The retirees of this community were curious and attentive, but not panicked, by the presentation they heard the other day from Howard Houghton Jr. Houghton works for the Fairfax Area Agency on Aging as an insurance counselor. You might say this is his busy season.

For three months he has appeared at more than 50 community events, trying to explain the convoluted maze of the Medicare prescription drug program that begins next month. When he makes his pitch using a Power Point presentation, Houghton usually starts by joking to the seniors that he's going to tell them one lie. The first slide calls the presentation "Medicare Part D Made Easy." "Made easy"- that's the big lie.

At the Hollin Hall center there was no high technology, so Houghton distributed a chart. It was, by the standard of ghastly complication that marks the drug plan, a picture of simplicity. Still, it required flowcharts in four colors, with boxes beneath boxes connected to other boxes.

Each described how different people with different insurance plans and differing drug needs would have to proceed. "Check with your benefits administrator to help you decide whether you should keep your current coverage," it suggested to those with employer, union or military coverage who were following the blue flowchart.

"If you do not enroll, you will be automatically enrolled in January 2006 to make sure your coverage continues," the chart tells those with low incomes who now get coverage through Medicaid.
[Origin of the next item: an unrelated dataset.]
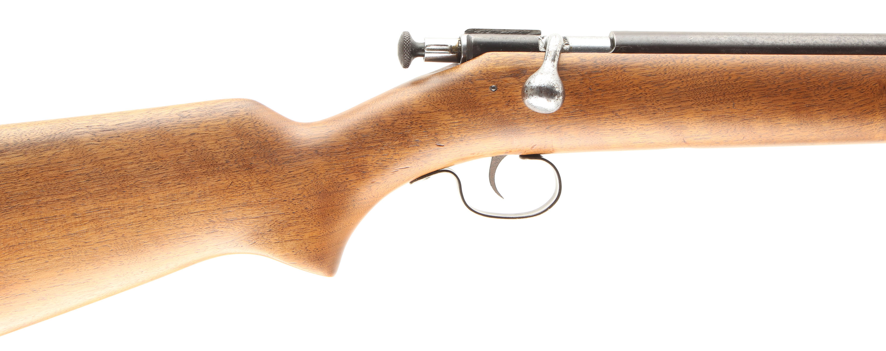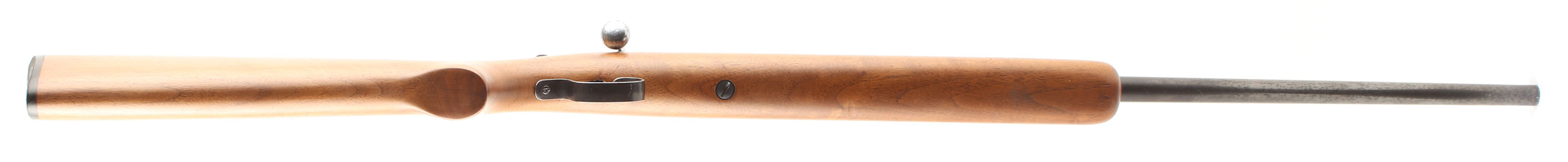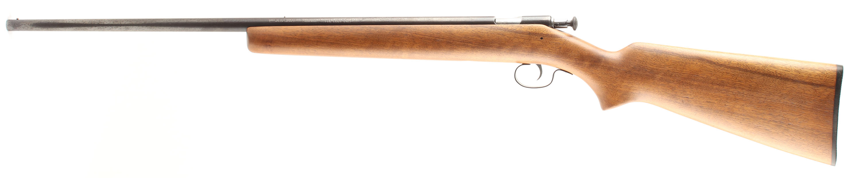RARE Winchester, Model 67 ''Mini Target Bore'' (SMOOTH BORE),Marked .22 L. Rifle FOR SHOT ONLY Cal., MFG. 1934-63, SN: None, Bolt Action Rifle, 24'' Tapered round barrel, This is the rarest version of the model 67 rifles. The factory flat pistol grip wood stock is very good having been very lightly sanded & expertly refinished. There remains tiny light handling marks & contusions to the excellent finish. The factory metal finish has given way to a plum/brown finish rating 70%, with speckling & spotting. The trigger guard has 50% blue. The counter-bored barrel is excellent. The barrel carries a mid & front bead. Winchester plastic buttplate. A sharp looking & rare model 67 rifle. FFL or C&R Req. - Value: 600 to 1000

When he was done, Houghton experienced for the first time one of the other incomprehensible flaws of the Medicare drug program. In this middle-class crowd of about 100 people - some well into their 80s - not a single person wanted to sign up.

"I'd hate to try to figure it out, because there are so many different plans," said Mary Doyle, 79, a federal retiree who already has drug coverage. Many of her friends, Doyle told me in an interview, do need the new benefit. "They have the material, but they don't know what to do about it."

Most elderly people - three-quarters of Medicare beneficiaries, according to the Congressional Budget Office - already have some kind of drug coverage. But millions of others sag under the cost of trying to buy what is often a medicine chestful of prescriptions.

Congress, though, did not create a benefit only for those who need it. That would mean no political favor would be gained from the more vocal middle class. It did not even make it workable for the low-income elderly. Those on Medicaid are to be dropped from that coverage at the end of this month, and they can randomly be assigned to a private drug insurance plan that might not even cover the prescriptions they currently get through Medicaid.

In the Hollin Hall center, where the coffee was hot and the holiday sweets table overflowing - and where no one, it seemed, was much affected by this drug plan at all - a shrug of indifference might have been expected. But irritation bordering on anger was the norm.

There are many who do need the coverage, those at the center told me, and they shouldn't have to navigate such obstacles to get it. "It's as inefficient as hell," says Edwin R. Kellogg, 83, who gets his drug coverage through his former employer, an auto-parts manufacturer. "You know who's going to benefit from this? The insurance companies."

Well, and the drug companies, too. And perhaps a cottage industry of consultants. Thank goodness, the one group that sought the most gain from the Medicare drug benefit - Congress - is likely instead to feel political pain.